6 Replies Latest reply: Jun 11, 2014 6:20 AM by Alex Gunawan RSS

    Real-time analysis of new incoming transactions with DD

    Christof Schwarz

      An opening statement first: QlikView's Direct Discovery was initally made as one possible way to address Big Data by connecting to its storages. The aspect of real-time analysis was not the initial driver, so some basic assumptions were made. This article is about taking the current Direct Discovery feature behind it's concept and hence is a bit unorthodox.
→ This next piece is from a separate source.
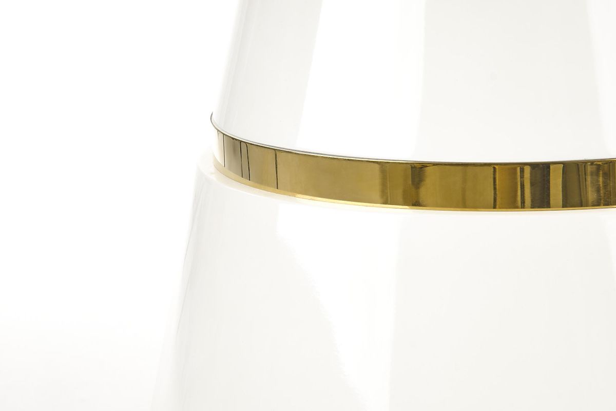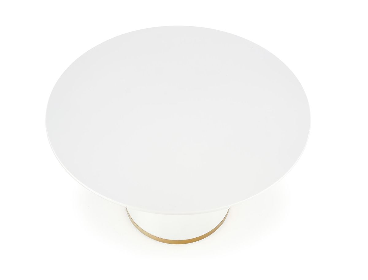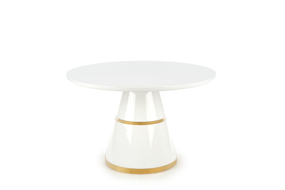 Runder Tisch mit weiß-goldenen Beinen und weißer Platte. .. mehr

As newer versions will come out (>=QV11.2 SR6) i will revisit this article.

       

      Direct Discovery 2.0 (this is the redesigned Direct Discovery since QV 11.2 SR5 only!) is separating fields from an external SQL table into DIMENSION and MEASURE fields. The help file explains, that QlikView will read the distinct values of dimension fields only(!) at the execution of the reload, NOT later. This means, if new dimension members will arrive after the reload, those will not show up.

       

      This is good for new fact rows to arrive for already known dimensions, like a known MachineID and some incoming machine information. But I like to achieve more than this with Direct Discovery:

       

      Let's assume new orders are coming in every other minute and I like to see those new transactions in QV in real-time (whenever I write about "new" orders I refer to such orders which have been created in the sql source table after the last QV reload; those are not in the memory data model). Yes, I need the unique OrderID as an dimension to work with it. Impossible or not? Well, I wouldn't have started this article, if there was no possibility ;-). Here are a number of steps required to get this work, but finally it will fly!

       

      ═►download "Endresult_Presentation_5min.swf" for a Flash-Video showing the final result of this thread in action

       

      Prerequisite: One prerequisite at this point is that the new OrderIDs must be able to be "guessed". This is the case, when the OrderID is a unique incremental number, so that you know, if the latest OrderID for now is 1024, the next one will be 1025 and so on. If the ID of a new Order cannot be "guessed", I am afraid, then this article cannot help (however, the unique ID could be a new ID column with an increment. It does not need to be the Order ID from the system itself ...)

       

      This is my simple order table "SalesOrderTable" on a SQL Server. OrderID is an auto-incremental key column. The CreationDate is system-filled with the timestamp when the record was inserted. CustomerID, ProductID are foreign keys.

      Clipboard01.gif

      Command to create this table on SQL Server is

      CREATE TABLE SalesOrderTable

      (

          OrderID bigint IDENTITY(1000,1) NOT NULL,

          CreationDate datetime NOT NULL,

          CustomerID int NOT NULL,

          ProductID int NOT NULL,

          OrderValue money NULL,

      CONSTRAINT PK_SalesOrderTable PRIMARY KEY CLUSTERED

           ( OrderID ASC ) ON [PRIMARY]

      )

       

      ALTER TABLE SalesOrderTable

      ADD CONSTRAINT DF_SalesOrderTable_CreationDate

      DEFAULT (getdate()) FOR CreationDate

       

       

       

      Step 1: Get a text message about new orders and list all orders

       

      The approach seemed clear to me, since I just want to count the new orders, I will load all fields (even the OrderID) as MEASURE fields, but Direct Discovery requires at least one DIMENSION field. I created a View "vw_SalesOrderTable" to show all columns plus one calulated column called "AllRecords", which always shows 1.

       

      CREATE VIEW vw_SalesOrderTable AS

      SELECT 1 AS AllRecords, * FROM SalesOrderTable

       

      Now I load that view with DIRECT SELECT command and my only dimension is the AllRecords column. By setting a filter "1" on that field later in the GUI, I will automatically refer to every order in the view.

       

      The data model has two separated tables, the memory orders and the DirectTable orders.

      Clipboard01.gif

      The script sets the Direct Discovery cache to expire every second with that line:

      SET DirectCacheSeconds = 1;

       

      ═►download "DD Show New Orders-0.qvw" for this status of the game

       

      There are only two objects, which can deal with new orders like this: A textbox and a table-object. A chart-object would not!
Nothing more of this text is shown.